Page 174, paragraph 1: “There are some challenges presented by reduced risk versus reduced exposure claim, primarily based on the finding that consumers believe that a reduction in exposure leads to a reduction in risk of harm and tobacco-related disease. PMI has demonstrated this to be true.” This a very important statement because it has Philip Morris recognizing that reduced exposure claims are interpreted as reduced harm claims. As noted above, however, even though Philip Morris presents data on reduced exposure, the human data generally does not show reduced harm. For the reasons that Philip Morris points out, they should not be allowed to make reduced exposure claims because they would be fundamentally misleading to the readers.
This is in many ways a legal issue, but it is informed by the labeling issue.  Really depends on consumer perceptions and understanding of the labels, labeling, and marketing (PMI calls this “LLM”), and needs to be addressed.  Even if PMI could prove reduced health harms and/or reduced exposure claims, this is not enough if the labels are misleading or downright deceptive.  Bonnie’s input is key here.  See Chapter 6.4 and FDA guidance for more details.
Page 174, paragraph 5: The statements about overall population levels of harm completely ignore the effects on kids. The summary statement also ignores the implications of the high levels of dual use documented in the work and does not adequately address the risk of relapse to smoking among people who would otherwise quit.
Page 176, bottom: The epidemiological risk compounding in the model is all based on reductions of exposure, not risk. As noted above, Philip Morris’s own data show that despite substantial reductions in exposure, there is generally not a statistically significant reduction in biomarkers of risk in human beings.
Page 179, paragraph 2: This scenario is ridiculous because it is based on highly questionable  assumptions.
Page 180, all the text: There is nothing in the model to account for new youth smokers being attracted to use IQOS.
Page 181, first paragraph: The statement that there would only be 2% dual users is inconsistent with the data presented in this report.
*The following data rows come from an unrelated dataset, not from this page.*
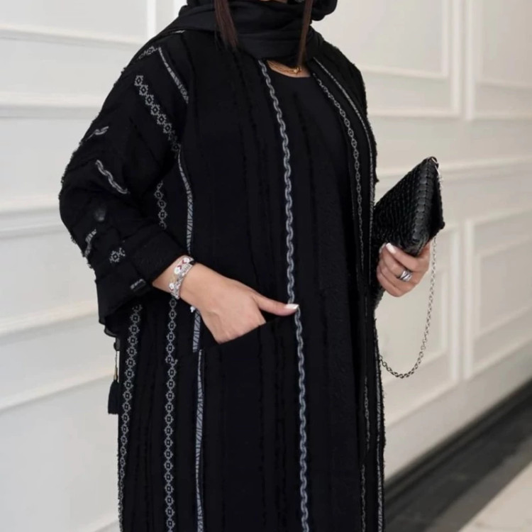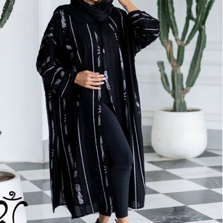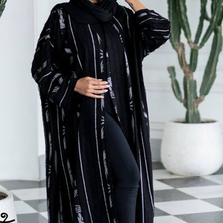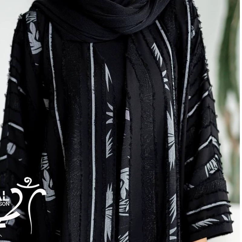 مانتو زنانه مجلسی عبایی جنس کرپ کیفیت عالی تن پوش فوق العاده شیک و زیبا خنک و راحت فری سایز مناسب 38 تا 52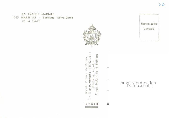 12755295 Marseille Bouches-du-Rhone Basilique Notre Dame de la Garde postalisch nicht gelaufen Erhaltung siehe scans [FriedD77] KatCode: 11170013313055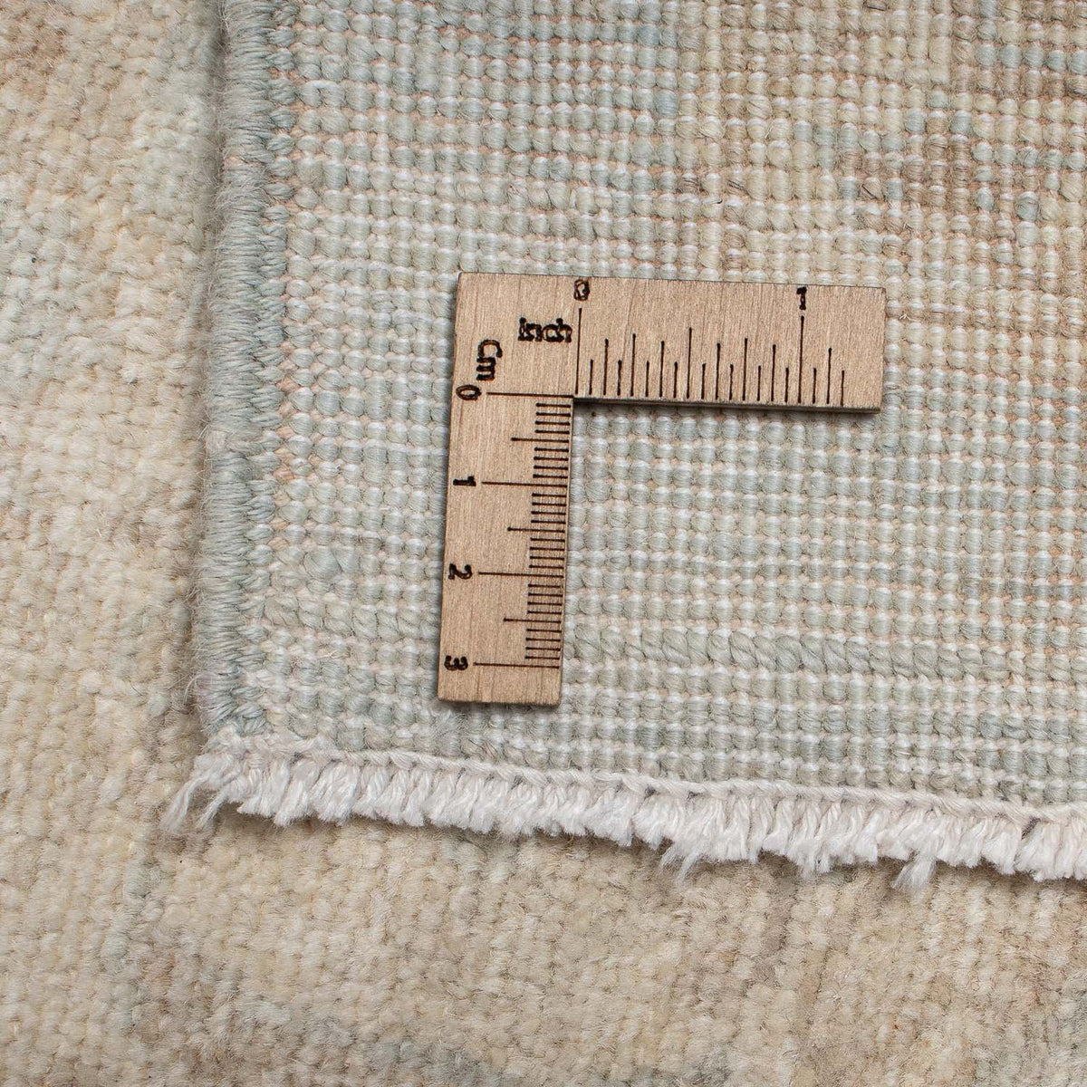 Dette tæppe er fremstillet udelukkende af håndspundet fåreuld. Manuel forarbejdning sikrer, at ulden bevarer sine naturlige egenskaber: den er slidstærk, elastisk og behageligt blød under fødderne.

Dual use is much higher than that.
Page 182, figure 55: There is no mention of effects on youth in the initiation/cessation use patterns part of their post-marketing surveillance.
Page 183, cross-sectional surveys: There is no mention of collecting data in kids, which as noted above, are a very important part of the population in terms of overall population impact.   (As noted above, such data would need to be collected completely independent of PMI or any other tobacco company or affiliated unit.)
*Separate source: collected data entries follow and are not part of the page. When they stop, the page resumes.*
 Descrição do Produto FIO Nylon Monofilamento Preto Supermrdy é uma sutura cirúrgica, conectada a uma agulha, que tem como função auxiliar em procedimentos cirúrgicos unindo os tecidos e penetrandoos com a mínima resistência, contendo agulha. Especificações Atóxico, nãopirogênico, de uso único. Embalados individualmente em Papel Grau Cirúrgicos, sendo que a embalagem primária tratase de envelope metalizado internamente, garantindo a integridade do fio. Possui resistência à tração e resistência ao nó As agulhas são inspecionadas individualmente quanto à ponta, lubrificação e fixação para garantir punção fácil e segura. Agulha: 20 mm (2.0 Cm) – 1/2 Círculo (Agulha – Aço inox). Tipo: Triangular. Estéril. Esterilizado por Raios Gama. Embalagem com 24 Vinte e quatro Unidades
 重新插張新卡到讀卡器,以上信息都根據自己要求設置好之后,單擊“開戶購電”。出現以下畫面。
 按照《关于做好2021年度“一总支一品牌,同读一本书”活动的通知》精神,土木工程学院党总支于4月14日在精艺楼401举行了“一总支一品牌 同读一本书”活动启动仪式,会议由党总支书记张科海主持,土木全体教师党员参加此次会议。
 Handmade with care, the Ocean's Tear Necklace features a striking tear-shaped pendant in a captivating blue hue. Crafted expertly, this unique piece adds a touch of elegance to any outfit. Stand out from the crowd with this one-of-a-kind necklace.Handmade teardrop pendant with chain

Page 190, items 6 and 7:  Philip Morris states that their studies have shown “significantly reduced exposure to HPHCs,” which is accurate. In item 7, however, they only say that “clinical studies have shown that switching from cigarette smoking to THS results in positive changes in clinical risk markers that are similar to those seen following smoking cessation [emphasis added].”  This statement is misleading on two counts. First, unlike the changes in exposure, the changes in clinical risk markers were not statistically significant.  Second, while the point estimates were in the direction toward smoking cessation, they were not as large a change as were observed with smoking cessation.  Someone reading this statement quickly or who is not familiar with the nuances of statistical significance versus just a change in the point estimate could easily misread this statement to indicate that there were statistically significant benefits both in terms of reduced exposure and also reduced clinical risk markers. That is not what the data show.


[2] Neither PMI nor any other tobacco company should be permitted to conduct, directly or indirectly, studies on kids because of the high risk that the resulting information will be used to sell their products to kids.  PMI should rely on research conducted completely independent of the tobacco industry.